Prenons pour exemple l’endométriosme. “L’endométriose est reconnue comme atteinte grave depuis les années 1990. Pourtant, ce n’est qu’en 2019, que le premier plan national pour la prise en charge et l’information liée à la pathologie a été mis en place”, illustre Catherine Vidal, neurobiologiste, directrice de recherche honoraire à l’Institut Pasteur, membre du comité d’éthique de l’Inserm, co-responsable du groupe “Genre et recherches en santé”.

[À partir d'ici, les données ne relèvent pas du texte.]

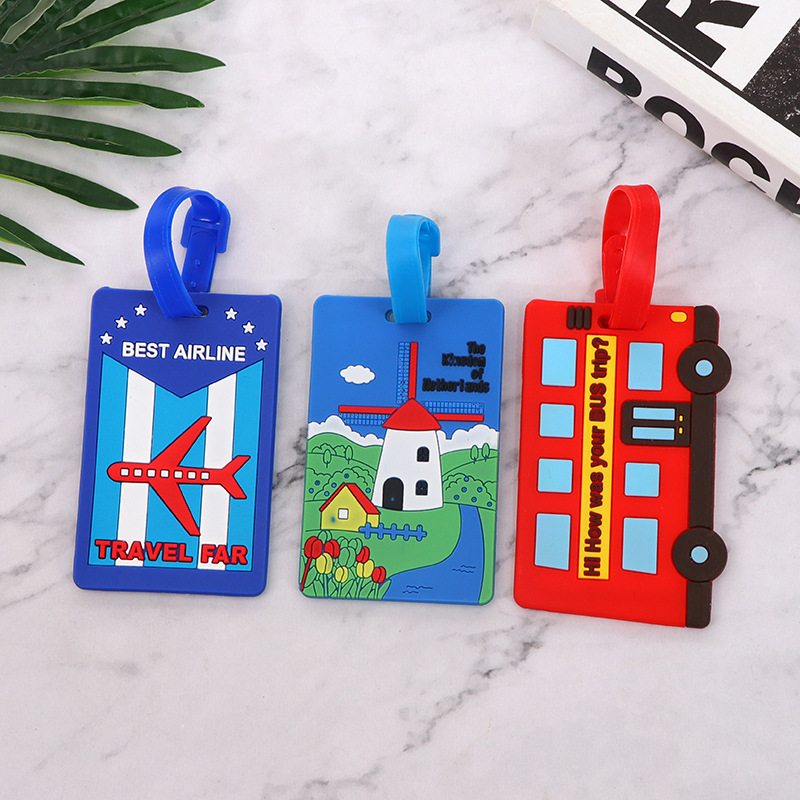 تسجيل السفر الكرتوني وقائمة الأمتعة المطبوعة الملونة، علامة ملحقات مطاطية ناعمة ثلاثية الأبعاد PVC

Et si la sensibilisation du grand public et des soignant.es à cette pathologie a autant pu évoluer, c’est en grande partie grâce à l’engagement de féministes investies.
C’est loin d’être leur seule avancée en termes de santé des femmes. « Les féministes ont compris que porter attention à la santé des femmes, c’est aussi une façon de porter assistance à la société tout entière”, note Emilie Banny-Ducelier, administratrice et membre du comité exécutif chez Harmonie Mutuelle et initiatrice du projet en cours “Prenons soin des femmes”.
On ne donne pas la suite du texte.